Il lavoratore chiamato a prestare attività all’esterno, invece, subirà altresì l’impatto per l’attività prestata presso imprese terze le quali debbono adottare apposite misure relative alle modalità di accesso di persone esterne all’impresa.

Al fine di ridurre le possibilità di contatto con il loro personale, esse debbono regolare l’accesso di fornitori esterni attraverso l’individuazione di procedure di ingresso, transito e uscita, mediante modalità, percorsi e tempistiche predefinite.

Il Protocollo del 14 marzo, inoltre, prevede che laddove possibile gli autisti dei mezzi di trasporto devono rimanere a bordo dei propri mezzi: non è consentito l’accesso agli uffici per nessun motivo.

In ogni caso, per le necessarie attività di approntamento delle attività di carico e scarico, il trasportatore dovrà attenersi alla rigorosa distanza di un metro.

Anche l’accesso ai visitatori deve essere limitato e qualora fosse necessario l’ingresso di visitatori esterni gli stessi dovranno sottostare a tutte le regole aziendali.

Apposita sezione è dedicata ai dispositivi di protezione individuale.

E’ infatti previsto che, qualora l’attività lavorativa imponga una distanza interpersonale minore di un metro e non siano possibili altre soluzioni organizzative, è necessario l’uso delle mascherine e di altri dispositivi di protezione (guanti, occhiali, tute, cuffie, camici) conformi alle disposizioni delle autorità scientifiche e sanitarie.

La gestione dell’assenza

Altra questione riguarda invece l’ipotesi in cui un lavoratore comandato a prestare attività lavorativa fuori dalla sede aziendale opponga il proprio rifiuto, magari per il timore di un possibile contagio (si pensi allo spostamento da un’area a rischio basso verso un’area con una presenza del contagio più elevata).

Sotto questo profilo, in assenza di specifiche disposizioni in materia, si applica la disciplina generale e dunque l’assenza, per quanto possa in qualche modo apparire giustificata, in realtà sul piano contrattuale evidentemente non può esserlo.

Pertanto, il lavoratore si esporrà alla possibile apertura da parte del datore di lavoro di un procedimento disciplinare (art. 7 L. 300/70), all’esito del quale potrà scaturire il provvedimento disciplinare previsto dalle norme disciplinari applicabili.

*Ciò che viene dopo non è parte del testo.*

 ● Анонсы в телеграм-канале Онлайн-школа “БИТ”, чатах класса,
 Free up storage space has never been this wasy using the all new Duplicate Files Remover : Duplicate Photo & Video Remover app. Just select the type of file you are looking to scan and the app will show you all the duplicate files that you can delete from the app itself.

Peraltro, va ricordato che la sanzione espulsiva, per quanto in astratto possibile in quanto l’art. 46 DL 18/2020 limita il recesso dal rapporto di lavoro ai soli licenziamenti per motivi economici, sarà sottoposta al giudizio di legittimità in relazione all’art. 2106 c.c. secondo il quale si applicano al lavoratore di sanzioni disciplinari di entità proporzionata alla gravità dell’infrazione commessa.

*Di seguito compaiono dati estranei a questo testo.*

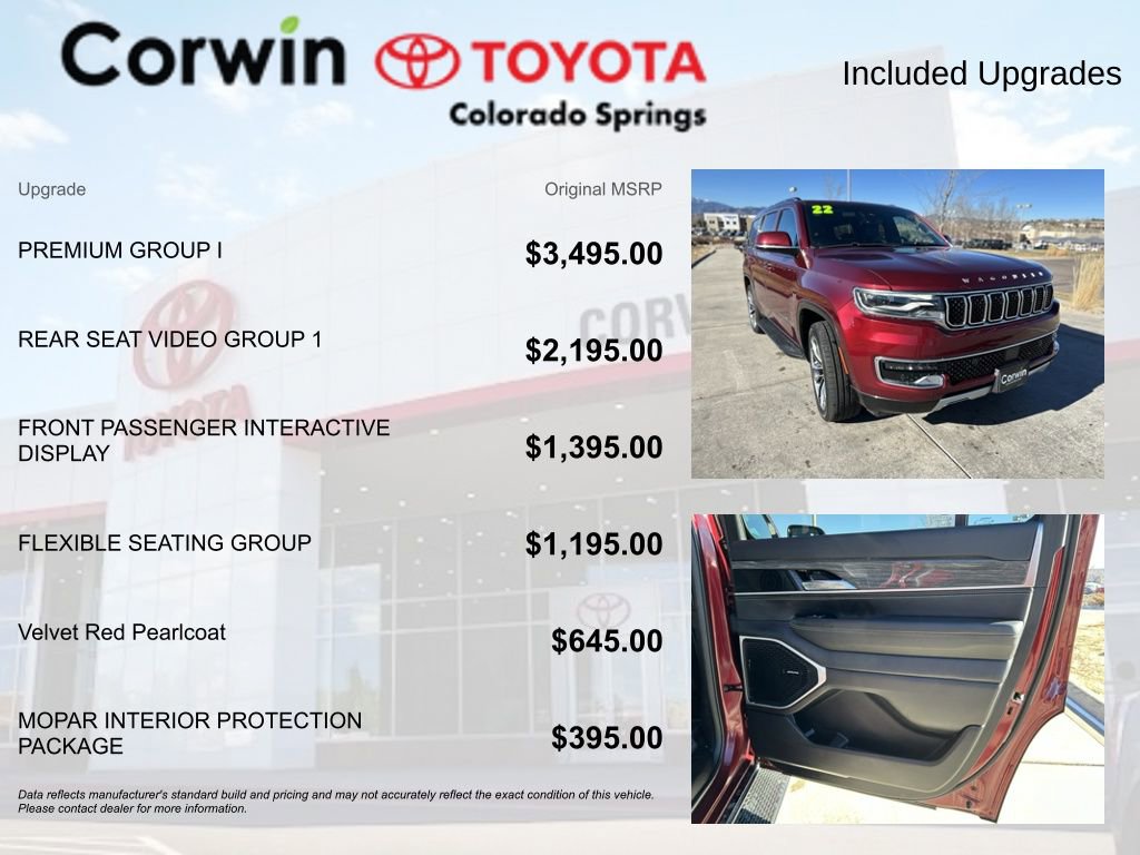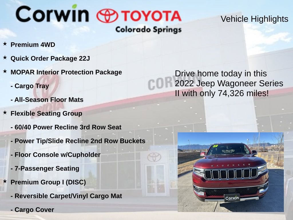 This Jeep Wagoneer is well equipped and includes the following features and benefits, Premium 4WD, 3 Panel Sunroof, 60/40 Power Recline 3rd Row Seat, 7-Passenger Seating, Adjustable Roof Rail Crossbars, All-Season Floor Mats, Amazon Fire TV Built-In, Cargo Cover, Cargo Tray, Flexible Seating Group, Floor Console w/Cupholder, MOPAR Interior Protection Package, Power Tip/Slide Recline 2nd Row Buckets, Premium Group I (DISC), Quick Order Package 22J, Rear Seat Video Group 1, Reversible Carpet/Vinyl Cargo Mat, Seatback Video Screens, Video USB Port.

Appare verosimile che la legittimità della risoluzione del rapporto di lavoro per una condotta di questo tipo appare fortemente limitata dall’emergenza epidemiologica in atto.

Sulle assenze dal lavoro in epoca di Coronavirus, si segnala un interessante approfondimento pubblicato il 24 febbraio 2020 dalla Fondazione Studi dei Consulenti del lavoro.